** Opening PROVIDED DATA block **

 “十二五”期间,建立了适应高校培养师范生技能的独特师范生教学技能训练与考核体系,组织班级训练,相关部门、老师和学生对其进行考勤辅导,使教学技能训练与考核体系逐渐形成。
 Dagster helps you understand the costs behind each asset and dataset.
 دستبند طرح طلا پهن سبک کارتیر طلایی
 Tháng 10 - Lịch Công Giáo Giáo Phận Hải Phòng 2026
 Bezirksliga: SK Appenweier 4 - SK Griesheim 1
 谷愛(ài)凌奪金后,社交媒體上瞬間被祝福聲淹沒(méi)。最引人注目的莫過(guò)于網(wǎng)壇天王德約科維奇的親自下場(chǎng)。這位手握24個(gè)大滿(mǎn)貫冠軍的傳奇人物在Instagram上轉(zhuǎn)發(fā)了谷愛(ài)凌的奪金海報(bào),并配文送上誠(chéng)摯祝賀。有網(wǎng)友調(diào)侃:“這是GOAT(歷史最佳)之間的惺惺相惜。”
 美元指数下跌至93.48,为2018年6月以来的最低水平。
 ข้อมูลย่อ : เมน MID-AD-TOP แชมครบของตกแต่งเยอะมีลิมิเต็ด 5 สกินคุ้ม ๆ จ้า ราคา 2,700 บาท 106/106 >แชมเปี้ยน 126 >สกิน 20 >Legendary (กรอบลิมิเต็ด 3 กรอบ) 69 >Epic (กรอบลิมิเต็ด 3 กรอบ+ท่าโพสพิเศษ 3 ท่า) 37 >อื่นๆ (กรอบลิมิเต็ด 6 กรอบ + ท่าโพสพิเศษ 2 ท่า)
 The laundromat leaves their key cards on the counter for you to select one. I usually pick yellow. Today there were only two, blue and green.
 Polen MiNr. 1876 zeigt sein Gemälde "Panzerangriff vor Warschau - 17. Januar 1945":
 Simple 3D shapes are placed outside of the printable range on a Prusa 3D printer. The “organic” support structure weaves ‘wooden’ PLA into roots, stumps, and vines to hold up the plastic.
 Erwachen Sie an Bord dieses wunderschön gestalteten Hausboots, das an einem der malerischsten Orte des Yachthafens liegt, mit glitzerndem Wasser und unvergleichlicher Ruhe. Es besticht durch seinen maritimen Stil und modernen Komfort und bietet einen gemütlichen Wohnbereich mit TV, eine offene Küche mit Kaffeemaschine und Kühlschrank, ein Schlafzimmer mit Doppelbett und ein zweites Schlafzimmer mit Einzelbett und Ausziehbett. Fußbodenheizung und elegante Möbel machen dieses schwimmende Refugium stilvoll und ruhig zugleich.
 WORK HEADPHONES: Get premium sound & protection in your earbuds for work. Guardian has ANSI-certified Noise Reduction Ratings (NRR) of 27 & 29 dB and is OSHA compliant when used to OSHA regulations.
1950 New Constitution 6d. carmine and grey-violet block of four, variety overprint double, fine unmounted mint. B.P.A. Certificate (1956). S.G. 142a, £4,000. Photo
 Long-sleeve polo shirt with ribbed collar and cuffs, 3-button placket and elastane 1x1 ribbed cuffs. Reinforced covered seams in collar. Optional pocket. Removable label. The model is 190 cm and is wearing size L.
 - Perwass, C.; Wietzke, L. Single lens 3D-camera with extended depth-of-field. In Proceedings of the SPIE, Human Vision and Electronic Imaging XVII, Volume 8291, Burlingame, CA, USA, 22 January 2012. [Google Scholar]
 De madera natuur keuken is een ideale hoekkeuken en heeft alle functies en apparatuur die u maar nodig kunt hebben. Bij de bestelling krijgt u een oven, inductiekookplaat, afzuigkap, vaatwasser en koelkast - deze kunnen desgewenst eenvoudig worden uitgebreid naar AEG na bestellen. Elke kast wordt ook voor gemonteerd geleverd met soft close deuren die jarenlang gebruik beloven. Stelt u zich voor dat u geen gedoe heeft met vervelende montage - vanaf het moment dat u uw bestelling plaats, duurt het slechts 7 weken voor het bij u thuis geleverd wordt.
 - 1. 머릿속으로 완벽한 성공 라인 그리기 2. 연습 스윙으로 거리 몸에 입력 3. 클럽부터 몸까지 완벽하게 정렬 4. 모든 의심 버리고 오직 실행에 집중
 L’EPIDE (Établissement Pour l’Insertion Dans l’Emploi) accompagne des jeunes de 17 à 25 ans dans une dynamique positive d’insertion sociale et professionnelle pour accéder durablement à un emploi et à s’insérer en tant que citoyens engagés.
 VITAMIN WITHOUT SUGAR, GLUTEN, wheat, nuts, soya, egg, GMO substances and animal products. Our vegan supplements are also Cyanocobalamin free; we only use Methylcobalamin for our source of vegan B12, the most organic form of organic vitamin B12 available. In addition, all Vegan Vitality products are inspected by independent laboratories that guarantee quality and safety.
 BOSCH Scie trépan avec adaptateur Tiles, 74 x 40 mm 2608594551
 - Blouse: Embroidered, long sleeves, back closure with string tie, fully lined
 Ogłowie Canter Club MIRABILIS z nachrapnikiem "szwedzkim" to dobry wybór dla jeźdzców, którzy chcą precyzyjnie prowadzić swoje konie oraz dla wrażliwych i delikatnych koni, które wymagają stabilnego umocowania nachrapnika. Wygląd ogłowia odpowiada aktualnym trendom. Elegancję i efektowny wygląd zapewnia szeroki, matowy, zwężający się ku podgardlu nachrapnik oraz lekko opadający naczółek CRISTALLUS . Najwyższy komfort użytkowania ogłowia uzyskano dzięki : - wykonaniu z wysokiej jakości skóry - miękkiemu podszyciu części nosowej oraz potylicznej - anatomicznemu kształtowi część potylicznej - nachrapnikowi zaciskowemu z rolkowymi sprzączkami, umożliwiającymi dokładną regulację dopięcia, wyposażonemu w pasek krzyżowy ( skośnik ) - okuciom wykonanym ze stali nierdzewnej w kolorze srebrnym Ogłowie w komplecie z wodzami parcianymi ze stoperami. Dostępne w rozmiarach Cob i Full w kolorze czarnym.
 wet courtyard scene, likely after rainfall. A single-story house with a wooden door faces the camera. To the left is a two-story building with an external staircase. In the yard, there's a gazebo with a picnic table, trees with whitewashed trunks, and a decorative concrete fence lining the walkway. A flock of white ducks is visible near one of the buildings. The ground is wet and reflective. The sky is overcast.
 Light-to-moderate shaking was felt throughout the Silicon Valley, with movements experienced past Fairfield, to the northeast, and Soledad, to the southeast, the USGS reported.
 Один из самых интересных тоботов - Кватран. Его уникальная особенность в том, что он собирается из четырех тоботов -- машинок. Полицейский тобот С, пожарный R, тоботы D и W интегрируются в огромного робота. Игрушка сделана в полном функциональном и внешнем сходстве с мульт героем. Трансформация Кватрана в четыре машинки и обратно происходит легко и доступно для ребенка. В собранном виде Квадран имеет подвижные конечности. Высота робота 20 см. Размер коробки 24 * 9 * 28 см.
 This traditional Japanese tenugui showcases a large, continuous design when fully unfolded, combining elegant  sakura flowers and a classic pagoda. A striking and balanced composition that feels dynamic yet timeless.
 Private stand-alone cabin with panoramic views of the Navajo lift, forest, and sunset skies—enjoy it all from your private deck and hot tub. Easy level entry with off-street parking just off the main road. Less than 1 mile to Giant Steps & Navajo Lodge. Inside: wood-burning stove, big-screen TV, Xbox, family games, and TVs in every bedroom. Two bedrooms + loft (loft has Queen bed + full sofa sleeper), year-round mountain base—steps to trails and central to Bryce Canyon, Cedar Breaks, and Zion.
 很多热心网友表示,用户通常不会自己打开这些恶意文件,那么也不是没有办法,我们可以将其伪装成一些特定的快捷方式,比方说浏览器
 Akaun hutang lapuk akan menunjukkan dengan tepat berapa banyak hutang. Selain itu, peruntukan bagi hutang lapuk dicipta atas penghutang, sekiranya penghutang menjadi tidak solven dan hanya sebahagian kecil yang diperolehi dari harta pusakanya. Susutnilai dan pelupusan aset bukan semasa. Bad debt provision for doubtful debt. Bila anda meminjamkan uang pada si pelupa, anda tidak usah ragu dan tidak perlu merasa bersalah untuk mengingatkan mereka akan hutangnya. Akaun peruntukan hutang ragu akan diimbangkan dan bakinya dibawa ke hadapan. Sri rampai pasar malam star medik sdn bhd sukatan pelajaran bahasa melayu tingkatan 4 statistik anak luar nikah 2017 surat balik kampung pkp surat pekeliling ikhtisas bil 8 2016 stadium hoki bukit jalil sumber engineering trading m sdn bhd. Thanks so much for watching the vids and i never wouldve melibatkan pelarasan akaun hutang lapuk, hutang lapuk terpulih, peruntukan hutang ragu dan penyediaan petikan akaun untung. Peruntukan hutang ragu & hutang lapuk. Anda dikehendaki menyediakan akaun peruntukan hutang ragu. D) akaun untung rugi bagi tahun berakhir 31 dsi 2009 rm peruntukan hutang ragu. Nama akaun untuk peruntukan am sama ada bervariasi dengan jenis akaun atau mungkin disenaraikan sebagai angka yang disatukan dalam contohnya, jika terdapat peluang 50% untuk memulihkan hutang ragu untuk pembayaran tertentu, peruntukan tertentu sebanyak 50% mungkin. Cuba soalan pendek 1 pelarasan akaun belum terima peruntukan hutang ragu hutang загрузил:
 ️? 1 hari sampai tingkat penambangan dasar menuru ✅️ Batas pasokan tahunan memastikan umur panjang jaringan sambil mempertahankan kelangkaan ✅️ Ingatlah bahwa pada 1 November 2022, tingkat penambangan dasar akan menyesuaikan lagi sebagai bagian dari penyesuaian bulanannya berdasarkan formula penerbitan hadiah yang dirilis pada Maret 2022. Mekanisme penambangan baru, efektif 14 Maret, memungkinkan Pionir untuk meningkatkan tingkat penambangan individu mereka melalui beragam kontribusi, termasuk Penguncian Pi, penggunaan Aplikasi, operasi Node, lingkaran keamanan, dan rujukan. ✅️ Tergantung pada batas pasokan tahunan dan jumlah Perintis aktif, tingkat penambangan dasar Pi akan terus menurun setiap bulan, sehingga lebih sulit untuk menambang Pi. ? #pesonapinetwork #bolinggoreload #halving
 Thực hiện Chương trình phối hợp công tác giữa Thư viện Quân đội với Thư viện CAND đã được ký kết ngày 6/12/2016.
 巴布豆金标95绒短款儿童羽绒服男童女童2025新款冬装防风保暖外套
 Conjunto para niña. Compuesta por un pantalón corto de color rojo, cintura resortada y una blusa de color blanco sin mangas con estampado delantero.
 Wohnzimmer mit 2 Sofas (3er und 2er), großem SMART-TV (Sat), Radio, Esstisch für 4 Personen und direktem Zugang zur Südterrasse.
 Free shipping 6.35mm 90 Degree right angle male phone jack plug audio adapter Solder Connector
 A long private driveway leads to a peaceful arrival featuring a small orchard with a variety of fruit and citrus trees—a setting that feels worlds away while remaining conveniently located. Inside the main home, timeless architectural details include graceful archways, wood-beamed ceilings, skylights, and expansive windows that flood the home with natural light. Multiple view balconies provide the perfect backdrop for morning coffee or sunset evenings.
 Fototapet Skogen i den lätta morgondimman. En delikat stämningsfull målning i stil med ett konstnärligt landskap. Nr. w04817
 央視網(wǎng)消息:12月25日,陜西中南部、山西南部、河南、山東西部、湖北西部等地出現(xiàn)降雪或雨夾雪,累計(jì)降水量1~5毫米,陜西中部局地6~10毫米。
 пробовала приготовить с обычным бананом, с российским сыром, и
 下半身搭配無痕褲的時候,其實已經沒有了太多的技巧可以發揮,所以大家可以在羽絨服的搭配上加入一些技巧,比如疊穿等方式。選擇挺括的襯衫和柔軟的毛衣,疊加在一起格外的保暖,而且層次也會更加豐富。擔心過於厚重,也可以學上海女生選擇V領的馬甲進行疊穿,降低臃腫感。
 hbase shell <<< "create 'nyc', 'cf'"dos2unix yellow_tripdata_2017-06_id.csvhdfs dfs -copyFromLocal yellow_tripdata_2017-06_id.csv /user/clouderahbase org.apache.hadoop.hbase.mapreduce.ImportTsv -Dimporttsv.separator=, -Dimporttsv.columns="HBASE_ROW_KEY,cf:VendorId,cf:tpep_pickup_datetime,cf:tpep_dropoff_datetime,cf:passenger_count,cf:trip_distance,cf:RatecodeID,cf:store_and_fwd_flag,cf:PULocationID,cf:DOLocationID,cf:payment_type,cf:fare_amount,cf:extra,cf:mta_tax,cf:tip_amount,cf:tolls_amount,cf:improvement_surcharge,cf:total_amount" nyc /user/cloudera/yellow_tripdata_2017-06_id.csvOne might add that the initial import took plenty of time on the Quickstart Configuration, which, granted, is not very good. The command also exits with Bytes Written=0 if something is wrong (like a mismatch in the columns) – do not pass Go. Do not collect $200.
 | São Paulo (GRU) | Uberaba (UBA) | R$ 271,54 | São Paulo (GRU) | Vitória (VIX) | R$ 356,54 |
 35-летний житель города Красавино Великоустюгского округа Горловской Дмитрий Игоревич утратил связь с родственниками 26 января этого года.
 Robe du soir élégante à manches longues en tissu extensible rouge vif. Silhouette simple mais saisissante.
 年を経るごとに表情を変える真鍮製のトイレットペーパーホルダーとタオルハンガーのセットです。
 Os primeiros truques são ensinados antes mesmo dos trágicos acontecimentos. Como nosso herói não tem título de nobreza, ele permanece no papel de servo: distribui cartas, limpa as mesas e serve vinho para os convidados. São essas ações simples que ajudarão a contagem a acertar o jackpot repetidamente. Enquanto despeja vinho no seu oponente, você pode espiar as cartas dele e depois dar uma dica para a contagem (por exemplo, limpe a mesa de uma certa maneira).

** Closing PROVIDED DATA block **

All that is wanted is the run of lines from the start of the data through the line containing "Simple 3D shapes", copied word for word.

| REPLY |
 “十二五”期间,建立了适应高校培养师范生技能的独特师范生教学技能训练与考核体系,组织班级训练,相关部门、老师和学生对其进行考勤辅导,使教学技能训练与考核体系逐渐形成。
 Dagster helps you understand the costs behind each asset and dataset.
 دستبند طرح طلا پهن سبک کارتیر طلایی
 Tháng 10 - Lịch Công Giáo Giáo Phận Hải Phòng 2026
 Bezirksliga: SK Appenweier 4 - SK Griesheim 1
 谷愛(ài)凌奪金后,社交媒體上瞬間被祝福聲淹沒(méi)。最引人注目的莫過(guò)于網(wǎng)壇天王德約科維奇的親自下場(chǎng)。這位手握24個(gè)大滿(mǎn)貫冠軍的傳奇人物在Instagram上轉(zhuǎn)發(fā)了谷愛(ài)凌的奪金海報(bào),并配文送上誠(chéng)摯祝賀。有網(wǎng)友調(diào)侃:“這是GOAT(歷史最佳)之間的惺惺相惜。”
 美元指数下跌至93.48,为2018年6月以来的最低水平。
 ข้อมูลย่อ : เมน MID-AD-TOP แชมครบของตกแต่งเยอะมีลิมิเต็ด 5 สกินคุ้ม ๆ จ้า ราคา 2,700 บาท 106/106 >แชมเปี้ยน 126 >สกิน 20 >Legendary (กรอบลิมิเต็ด 3 กรอบ) 69 >Epic (กรอบลิมิเต็ด 3 กรอบ+ท่าโพสพิเศษ 3 ท่า) 37 >อื่นๆ (กรอบลิมิเต็ด 6 กรอบ + ท่าโพสพิเศษ 2 ท่า)
 The laundromat leaves their key cards on the counter for you to select one. I usually pick yellow. Today there were only two, blue and green.
 Polen MiNr. 1876 zeigt sein Gemälde "Panzerangriff vor Warschau - 17. Januar 1945":
 Simple 3D shapes are placed outside of the printable range on a Prusa 3D printer. The “organic” support structure weaves ‘wooden’ PLA into roots, stumps, and vines to hold up the plastic.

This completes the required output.